Я вздохнула: знала, что так будет, однако попытаться стоило. Людо собрался отвернуться, но я положила руку ему на плечо, и он, поколебавшись, не стал этого делать. В комнате ещё сильней похолодало. Прижавшись к брату и дождавшись, пока обнимет, я закрыла глаза и мысленно попросила Гостя не приходить сегодня в мой сон. Но он, конечно, не послушался. Наверное, за семь долгих лет он не пропустил ещё ни одной ночи.


И если в отведенной мне комнатушке тело ломило от холода, то теперь рядом пылал огромный жарко натопленный камин. В руках у меня двузубая вилка, на другом конце которой подрумянивается гренка. Языки пламени с треском облизывают вишневые поленья и тоже напрашиваются на угощение.

Я оборачиваюсь на скрип двери и вскакиваю. Дыхание сбивается, а сердце колотится от радости при виде вошедшего. Кажется, ещё никогда я не встречала человека красивее и уж точно не видела рыжие волосы. Они у него с каким-то чудным медовым отливом и вьются почти до плеч. Глаза серые… нет — стальные, цвета папиного меча. На плечах — подбитый мехом плащ, а в руках черная шкатулка с серебряным псом на крышке. Подошвы дорогих кожаных сапог ступают мягко. Я готова визжать от восторга! Подбегаю, протягивая руки:

— Это они? Вы все-таки принесли?

Приходится задирать голову: я до обидного мелкая, даже для своих девяти лет.

— Да, — смеется он, откидывая крышку, — обещал ведь угостить.

— Долго же вы их несли! — ворчу я, жадно разглядывая семь ровных шариков размером с грецкий орех. Марципановые конфеты… Аромат незнакомый, дурманящий. Мне не терпится их попробовать, но внезапно сковывает робость.

— Можно?

— Конечно. — Он достает длинными красивыми пальцами конфету и подносит к моим губам. — Открой рот.

Я послушно открываю, неприлично широко для леди, и уже через мгновение сосредоточенно жую угощение.

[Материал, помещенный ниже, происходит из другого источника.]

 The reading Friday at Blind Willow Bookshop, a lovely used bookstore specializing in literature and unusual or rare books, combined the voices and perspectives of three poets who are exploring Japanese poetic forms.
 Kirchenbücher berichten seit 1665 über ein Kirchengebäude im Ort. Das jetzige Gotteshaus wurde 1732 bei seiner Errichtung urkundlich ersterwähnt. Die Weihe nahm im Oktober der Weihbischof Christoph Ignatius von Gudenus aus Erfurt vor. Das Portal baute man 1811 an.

— Ну ты и жадина, — снова смеется он.

Но я не слушаю: чем дальше, тем большее разочарование меня охватывает.

— Они похожи на… каштаны.

— Естественно. — Мужчина усаживается возле очага, вытягивает ноги и ставит рядом шкатулку. — Ты же никогда не пробовала марципан, вот и представляешь на его месте что-то знакомое. Попробуй следующую, она будет любой, какой пожелаешь.

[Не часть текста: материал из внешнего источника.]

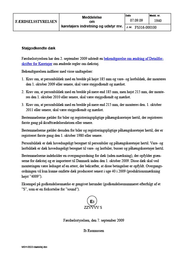 Meddelelse nr 1940 - Støjgodkendte dæk - Om køretøjers indretning og udstyr mv.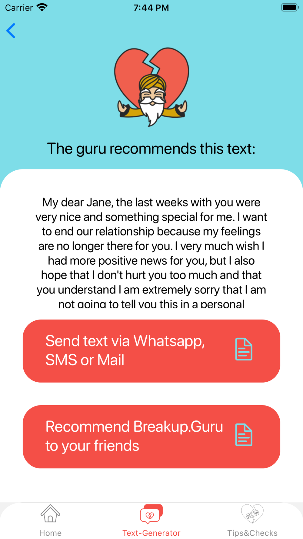 Breakup.Guru has the best tips, checklists and the ultimate text generator for a stylish farewell for a one-night stand, or when your relationship ends.

Я чувствую себя глубоко обманутой и колеблюсь: может, стоит обидеться и уйти? Но уходить от него не хочется. Поэтому тоже присаживаюсь на шкуру и, уже не стесняясь, хватаю вторую конфету. Загадываю вкус засахаренных апельсинов с корицей и имбирем, которые у нас дома подают по воскресеньям, и получаю его. Особую прелесть лакомству придает то, что сегодня точно не воскресенье.

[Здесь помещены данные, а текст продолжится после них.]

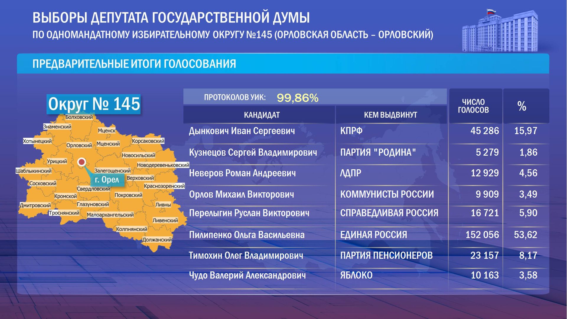 По состоянию на 9:00 в Орловской области обработано 99,86% протоколов участковых избирательных комиссий (УИК). Первое место по итогам голосования занимает член «Единой России» Ольга Пилипенко – 53,62% и 152056 голосов, за неё следует коммунист Иван Дынкович – 15,97% и 45286 голосов, замыкает тройку кандидат от партии «Пенсионеров» Олег Тимохин – 8,17% и 23157 голосов. Четвёртым стал член «Справедливой России» Руслан Перелыгин – 5,90% и 16721 голос. Остальные четыре кандидата набрали менее 5%.

— Вы тоже угощайтесь, — великодушно предлагаю я, но Гость уже не слушает. Поднялся на ноги и внимательно изучает наш камин. Ощупывает барельеф, скользит взглядом по каменному колпаку, сужающемуся к потолку — наверное, интересуется росписью со сценами из героических сказаний. Я-то уже давно изучила её вдоль и поперек. Он даже пытается заглянуть внутрь, закрываясь ладонью от искр.